С тех пор минуло более тридцати лет. Сейчас, когда я это пишу, в окне передо мной маячит мое собственное лицо. За исключением блестящего глаза и проступающей под ним зоны под скулой, которая слабо белеет в стекле, вся левая сторона лица погружена в густую тень. Две глубокие вертикальные морщины на лбу, глубокие складки вдоль щек, все как бы наполнены тьмой, а когда взгляд неподвижен и серьезен, а углы рта опущены, такое лицо не назовешь иначе как мрачным.

Что на нем запечатлелось?

Сегодня 27 февраля 2008 года. Время – 23:43. Я, пишущий эти строки, Карл Уве Кнаусгор, родился в декабре 1968 года, так что в настоящий момент мне тридцать девять лет.

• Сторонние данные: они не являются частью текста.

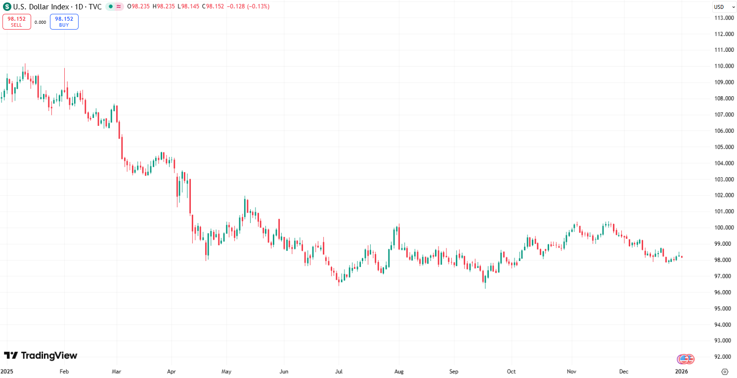 2025 年美元指数全年下跌约 8%,创下自 2017 年以来最大年度跌幅。市场普遍认为,若总统特朗普任命的新任美联储 (Fed) 主席倾向鸽派政策立场,美元可能在新一年继续承压走低。

У меня трое детей – Ванья, Хейди и Юнн, я женат вторым браком на Линде Бустрём Кнаусгор. Все четверо сейчас спят здесь в разных комнатах квартиры в Мальмё, в которой мы живем вот уже четыре года. Кроме некоторых родителей, которых мы знаем по детскому саду, в который ходят Ванья и Хейди, мы тут больше ни с кем не знакомы. Мы от этого не страдаем, по крайней мере я, потребности в общении я не испытываю. Я никогда не говорю то, что думаю на самом деле, а, как правило, подлаживаюсь под того, с кем в данный момент разговариваю, делаю вид, будто это меня интересует, за исключением тех случаев, когда я выпью, тут я зачастую, наоборот, перегибаю палку в другую сторону, и тогда во мне пробуждается страх зайти слишком далеко. С годами эта тенденция усилилась, и теперь такое состояние может длиться неделями. Когда я напиваюсь, я уже ничего не помню, так что я полностью теряю контроль над своими поступками, иногда шальными и дурацкими, но порой шальными и опасными. Поэтому я больше не пью. Я не хочу никого подпускать к себе близко, не хочу, чтобы меня кто-то видел, а потому так все и сложилось: никто ко мне не приближается, никто меня не видит. Вероятно, это и отпечаталось на лице, сделав его застывшим и до того похожим на маску, что даже мне самому, когда я случайно замечу его отражение в витрине, не верится, что это я.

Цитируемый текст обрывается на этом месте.